I graduated in 2005 as a graphic designer and did an internship at a small design firm in Seattle, USA before jumping into a freelance career as a graphic designer. I teamed up with two friends running a design collective in which I was the most illustration-focused one. It took me a couple of years to develop an illustration style strong enough to use commercially and decided the only way to steer my career into the direction of illustrating fulltime was by going solo. I quit the collective and over time took more and more steps to focus on a niche style, portfolio and client base.

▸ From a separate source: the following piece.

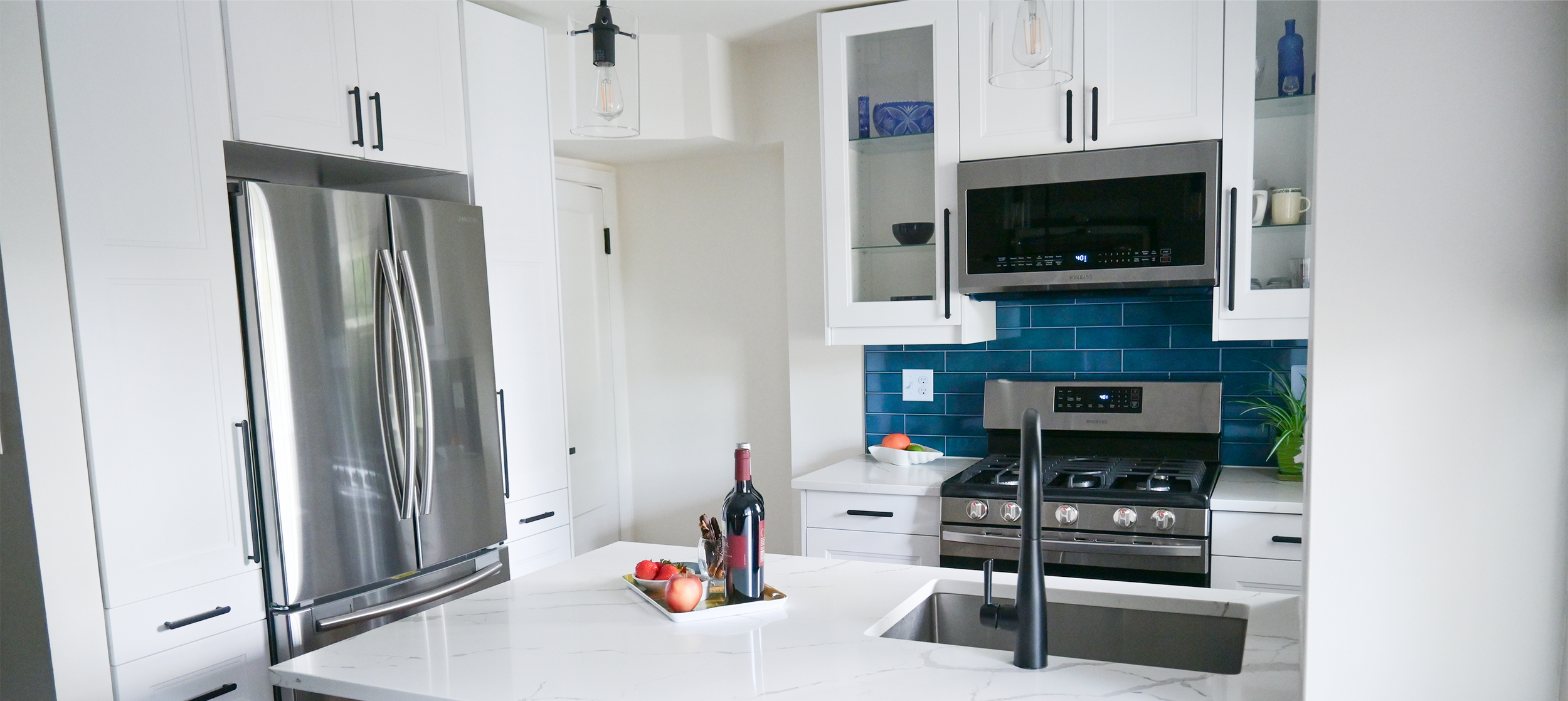 This classic 1940s row house with its original compact kitchen was ready for a thoughtful transformation. The client needed improved functionality, better storage, and a look that aligned with her preference for clean, modern design. The remodel maximized every inch with full ceiling-height cabinetry, durable quartzite countertops, and upgraded modern appliances. The client’s favorite color, blue, provides a pop within the design, creating a streamlined and modern kitchen that delivers everyday livability.

I learned to sit down often to think about the vision of my business and narrow down what work I want to take and what work I don’t want. Those decisions directly impact the way my portfolio looks and what work I am actively chasing. I have learned to refine a project contract every year and to ask a lot of questions before diving into a project. I have learned to try to make the next project my best and I have also learned that’s not always possible. I have learned to sometimes push an idea with a client and I have learned to sometimes let go of an idea in favour of the client.

My creative process depends on the type of project and how much back and forth is agreed upon between me and the client. Editorial work in general needs little art direction and a lot of the times I will share only a pencil sketch, a digital comp and a finetuned illustration. Projects that include character design, illustrations as part of an identity and product applications usually need a bit more rounds of sketches, feedback and corrections so I always like to discuss these expectations beforehand.

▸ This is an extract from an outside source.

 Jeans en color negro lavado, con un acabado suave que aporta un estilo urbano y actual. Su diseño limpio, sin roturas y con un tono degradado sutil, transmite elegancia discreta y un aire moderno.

My sketch process is split up between really loose scribbles, sometimes just notes in my sketchbook, and a bit more fleshed out sketches based on the final specifications in terms of size and context. I am focused on concept as well as composition in this stage. The digital rough is just laying out the concept in vector shapes and a lot of playing around with composition, colour, vibe and rhythm. The finetune phase can include adding texture, shading, changing of character poses and gestures et cetera.

I am currently doing all my work on a macbook using Adobe Illustrator and I have a little wacom plugged in that I am using as a mouse. I like to retouch artwork in Adobe Photoshop as some vector shapes tend to look off when rendered as a single file, especially when the artwork will be used on screen. I am also playing around with an iPad Pro that I am hoping to introduce to my work process in the future.

I work from home, a nice cozy family house, built around 1900, located just at the edge of the centre of a small city. My studio is a dedicated second living room at street level. Our house is close enough to the shopping streets to feel part of the everyday business, but quiet enough to work without distraction (except for my two sons that like to come in to borrow sketching paper and share stories and bear hugs) Working alone isn’t as bad as it sounds but I did look for ways to interact with illustrator friends more. I started a side project called Drip For Drip where I trade coffee cup illustrations with friends and it’s been a good way to stay sane whilst working on fun, personal work.

As a rule of thumb, it will take approximitely five years to generate enough of a  workflow to earn a modest living, so if you haven’t saved, don’t quit your job just yet. When you can handle the start-up time, focus on who you are and what your business looks like while working on your style and work process. Zooming in on a niche sounds like it could be bad for your income, but I have found that the more you know what part of the creative work you want to and what part you don’t want to do, the easier your work will be.

Find out what type of projects you are most efficient at and enjoy the most and have your portfolio reflect that precisely so you can chase the work that suits you best.

I would love to get to a point where I can be of help to students and starters, with advice and tips. I believe choosing a career path is harder now than it was in my day and I think creatives sharing their stories can help. I would like to develop my style to a point where it acts as a story on its own rather than to accompany an idea from an article, brand or product. At the same time, that basically what commercial art is and why I love it so that will be an ongoing process.